DOUCET: Most applicants are around 80 years of age, and most of them are widows. To qualify, they must be at least 65, or a surviving spouse must be at least 60. They must have had 10 years of active ministry with the Assemblies of God as an ordained or licensed minister before retirement. The current (monthly) income limits are $1,470 for couples and $980 for an individual. For instance, if a couple’s monthly in income is $1,000 and the AMA Committee approves their application, we would send them a $470 gift each month.

This is not a pension or retirement fund to which they contributed. Usually the only income they have is Social Security, and that is too low to provide for daily necessities.

evangel: How is this benevolence financed?

DOUCET: The AMA ministry is funded by donations from caring church members, ministers, churches and districts. Last year we dispensed over $700,000 to 300 people. Without this help, they would not have been able to put food on the table, pay utility bills, or buy the necessities we all take for granted.

evangel: Why is such assistance needed in a Fellowship that has been around for a century?

DOUCET: This ministry is still needed because when hundreds of people were planting churches there was not enough money to save for retirement. Many of these people served where no one else would go. Thankfully, today many of our pastors can afford to save for retirement.

Without the help of compassionate people, some of our pioneers would be in dire need. Since the beginning of AMA 80 years ago, 2,717 people have been blessed through the ministry.

evangel: Could you tell me an example of how AMA really made a difference?

DOUCET: One of the stories I will never forget is of a widow who died three years ago. She and her husband were evangelists. After he died, she was left with less than $200 a month from Social Security. What would have happened to her without AMA to raise her monthly income to a livable amount?

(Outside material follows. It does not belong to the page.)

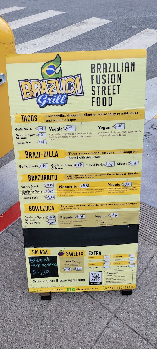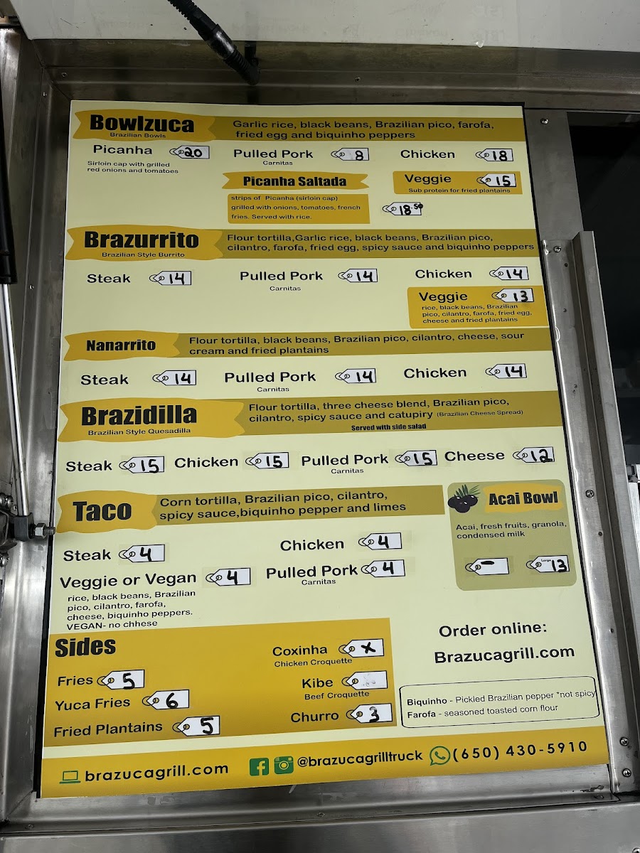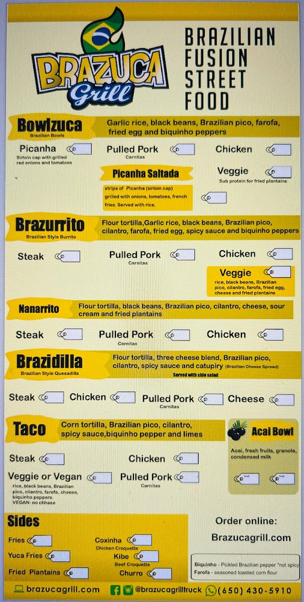 Brazuca Grill offers a diverse and flavorful menu that brings the taste of Brazil to San Francisco. The Bowlzuca options are a highlight, featuring classic Brazilian dishes like Picanha and Picanha Saltada, perfect for meat lovers seeking an authentic experience. Alongside these, you can enjoy a variety of tempting Sides, including Fries, Yuca Fries, and the deliciously sweet Fried Plantains. The restaurant also offers tasty appetizers like Coxinha and Kibe, adding a savory touch to your meal. For something a bit different, try the Nanarrito-a unique twist on the burrito, or the hearty Steak and Pulled Pork dishes. Vegans and vegetarians aren’t left out, with the flavorful VeggieAcai Bowl providing a refreshing and healthy option. Each dish is prepared with care, bringing a rich combination of flavors that are sure to satisfy any craving. Whether you're in the mood for something hearty or light, Brazuca Grill has something to suit all tastes.

With the gifts she received from caring people through AMA, she was able to take up residence at Maranatha Village. She played music in the chapel and continued to serve God with all her heart practically until the day she died.

evangel: Does AMA help in other ways besides monthly supplements?

DOUCET: In addition to monthly assistance, we are able to help our ministers by paying for necessary helps Medicare doesn’t cover: eyeglasses for a minister who otherwise would not be able to read his Bible; a hearing aid for a minister who would otherwise sit in a corner, isolated; dental work for a minister who would suffer in pain. This assistance makes a huge difference in the lives, activities, and family participation of these people.